### What you should do
Images should be omitted while the rest of the data is duplicated exactly.

### Supplied information

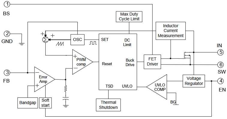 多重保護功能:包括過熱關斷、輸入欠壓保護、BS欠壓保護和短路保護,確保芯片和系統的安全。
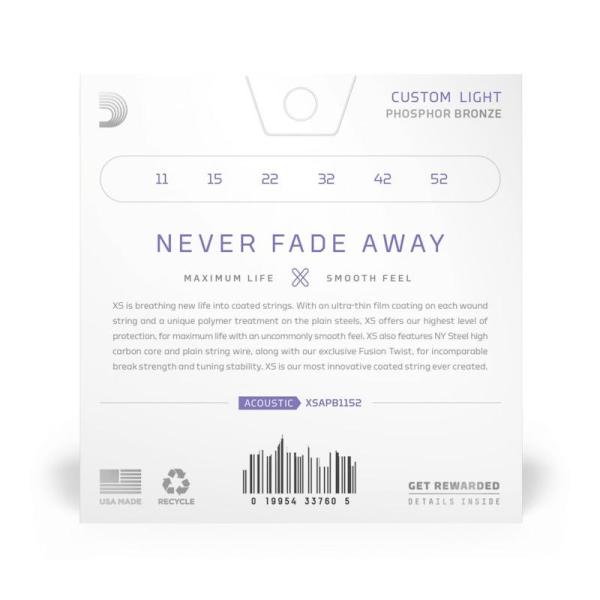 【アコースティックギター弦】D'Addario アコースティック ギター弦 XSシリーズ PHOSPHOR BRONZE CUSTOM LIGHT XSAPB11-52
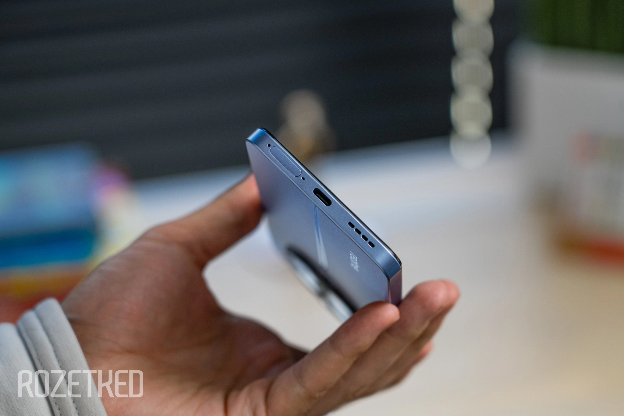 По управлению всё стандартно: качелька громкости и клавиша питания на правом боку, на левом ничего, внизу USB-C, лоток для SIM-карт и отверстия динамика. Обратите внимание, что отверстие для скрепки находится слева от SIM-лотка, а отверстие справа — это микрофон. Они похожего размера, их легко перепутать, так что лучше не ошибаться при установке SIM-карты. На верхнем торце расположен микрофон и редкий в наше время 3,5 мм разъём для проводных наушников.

### Task solution
 多重保護功能:包括過熱關斷、輸入欠壓保護、BS欠壓保護和短路保護,確保芯片和系統的安全。
 【アコースティックギター弦】D'Addario アコースティック ギター弦 XSシリーズ PHOSPHOR BRONZE CUSTOM LIGHT XSAPB11-52
 По управлению всё стандартно: качелька громкости и клавиша питания на правом боку, на левом ничего, внизу USB-C, лоток для SIM-карт и отверстия динамика. Обратите внимание, что отверстие для скрепки находится слева от SIM-лотка, а отверстие справа — это микрофон. Они похожего размера, их легко перепутать, так что лучше не ошибаться при установке SIM-карты. На верхнем торце расположен микрофон и редкий в наше время 3,5 мм разъём для проводных наушников.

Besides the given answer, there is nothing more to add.